Все размыто и не в фокусе, изображение, но не воспоминание.
Выход кричит из ванной: «Так им, ковбой, наподдай!»
И зрелище продолжается, а я — зритель, молчаливый свидетель кромешного ада, царящего в нашем фургоне, и этому неуемному беснованию вторят шумящие за окном деревья.
«Когда это все закончится, господибожемой? Сколько времени это будет продолжаться?»
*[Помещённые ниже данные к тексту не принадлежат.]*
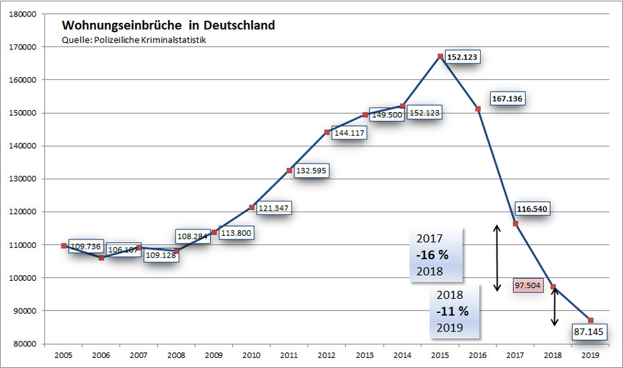 Das Bundeskriminalamt (BKA) verzeichnete einen Rückgang um über zehn Prozent im Vergleich zum Vorjahr. Seit 2015 sind die Fallzahlen beim Wohnungseinbruchsdiebstahl sogar von rund 167.000 auf 87.000 gefallen. Und sie könnten wegen der Coronakrise womöglich weiter zurückgehen, schließlich bleiben wegen der Coronakrise aktuell viele Menschen zuhause und dann wird auch seltener eingebrochen.

Я взываю к ним обоим, ору что-то жалкое, что-то, чему никогда не прорваться сквозь мятущиеся простыни с одеялами или проклятия с оскорблениями от Выход, поэтому я переползаю к Панике, чтобы наброситься на его ноги, но не раньше, чем скадрирую их новым видоискателем. Он начал уставать, и я щелкнул до того, как он остановится, до того, как все стихнет. Потом я туго натянул на него стеганое одеяло и придавил сверху всем своим весом. Я не смотрел на Панику, он не смотрел на меня. Все кончилось. Как раньше, как уже бывало бессчетное число раз, он трансформировался из машины в кокон, его длинные черные волосы водопадом упали на голые колени, когда он обхватил ноги, прижимая их к груди. Я взглянул в окно и нашел ту ветку, на которой частенько проводил время со своей головокамерой. А затем стал считать выемки на грубой шишковатой коре росшего напротив окна дерева.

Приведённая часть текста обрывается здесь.